If I could get Bengal out of coalition, ally Bahmanis as replacement of Vijayanagar (Bahmanis is Shia so doesn't care about my wars with Indonesian Sunnis), then maybe I could try attacking Ming to break the coalition and deal with rebellious vassals? It would require at least 5-10 years of peace.

There's also a problem of printing press coming, and due to Echigo gold mine I don't have any mana saved for that.

#eu4



Post 7 - Originally published on Google+ on 2017-07-17 21:43:49 UTC

Yamana: Part 07: 1545-1556: Stability Achieved

Subject liberty desire levels are ridiculously high. Apparently my old fix no longer works because they moved some files around - and then applied even dumber levels, now counting marches together with vassals, even though separate relative strength counting that was literally the only reason to use marches.

Well, fix reapplied, and numbers much more reasonable, I still had a problem with Ming-supported Ternare and their ally Kutai - so I released Ternare then rediplovassalized them. Then I asked them to go Shinto (+100% liberty desire), released them (resets it), and diplovassalized them for third time.

Another thing is that turning vassal into a march or back resets forced religion modifier, which is probably a bug.

I spent another decade simply stabilizing, annexed a vassal, setup CN in Australia, some colonies in Africa, tributary in Benin. Once printing press spawned I dev pushed Kyoto for it.

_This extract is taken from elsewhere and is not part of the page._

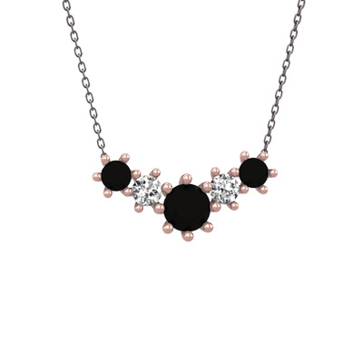 Siyah zirkon ve beyaz zirkon 925 ayar rose altın kaplama gümüş kolye (40 cm gümüş rolo zincir)

Coalition against me disbanded, and Ming actually asked if I wanted to be their tributary. A bit late for that now. I'm nearly first great power, printing press or 40dev stands between me and Ming, but it's somewhat fictional as they have 142 income to my 98.

Ming managed to expand far into Central Asia and established enormous tributary network. So far it avoided conflict with Ottomans (3rd GP) Russia (4th GP), and Bengal (8th GP).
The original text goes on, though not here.